PickleSarnie Wed 05-Mar-14 15:52:39

I'm really sorry you're still in limbo and have everything crossed it all works out. Unfortunately though, that's fairly par for the course re the attitude of midwives. Don't expect anything different until you're past 20 or so weeks. It's your own personal hell but, for them, they know that bleeding is so common that things will quite possibly be okay and, if the worst is happening, then there's nothing they can do about it.

I'll have everything crossed for you for your scan tomorrow. I remember sitting in the car on the way to A&E gushing with blood with a numb resignation that I was having a miscarriage. It was horrible but my baby was still there, still wriggling away and is now a v happy toddler.

Orlea Wed 05-Mar-14 16:21:15

Thank you so much pickle. It's good to hear that things can work out. I am keeping everything crossed but I need to prepare myself so I'm resigned to a miscarriage. Hopefully I'm wrong - never wanted to be wrong this much before!

StarsInTheNightSky Wed 05-Mar-14 16:25:21

I'm really sorry to hear about everything you're going through.
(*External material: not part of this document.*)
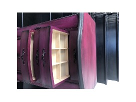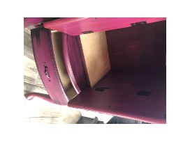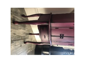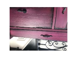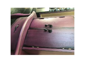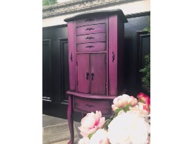 A freestanding wooden jewelry armoire (storage cabinet) that has been refinished in bright, deeply saturated shades of purple and pink, with even a bit of red added to its base coat. A black glaze has been applied and allowed to settle into the corners. It has been sealed with a polycryllic clear coat. The original hardware has been painted black. The hinges of the front doors are bronze/black. It's fully functional with a lot of storage. The top lifts up to reveal a glass mirror. The side doors open by swinging out to the side, with hooks inside for necklaces, etc. Dimensions are 39" high x 13" deep by 17" wide. Weight is 37 lbs.

I have had bleeding in two different pregnancies, the first was just a tiny bit of brown and then it went away, it ended in missed miscarriage six weeks later. The second started brown and stringy, then turned red and got heavier and heavier and lasted for about five days, that was 13 weeks ago and I'm now 27 weeks pregnant and being booted around by our over-enthusiastic little man.

As others have said, it can go either way, the pregnancies I've had which were going wrong I had a gut feeling that they were going to end badly, this pregnancy, despite lots of complications, bleeding, hospitalisation etc I have always been convinced instinctually that everything was fine, and touch wood, so far it has been.

The being in limbo is torture, do prepare yourself that tomorrow they might ask you to go back again in a week for another scan, as sometimes they withold a diagnosis for a week to be absolutely certain of what's going on.

It does sound really bad of your midwife, as others have said, the care in early pregnancy can be shocking, until you reach the stage where you can call the maternity assessment unit/maternity triage (when you're 16 weeks at our hospital) they just don't seem to care, which is the last thing you need when you're worried.

Enough of my rambling, hang in there though, I'll be keeping my fingers crossed that everything turns out well for you x.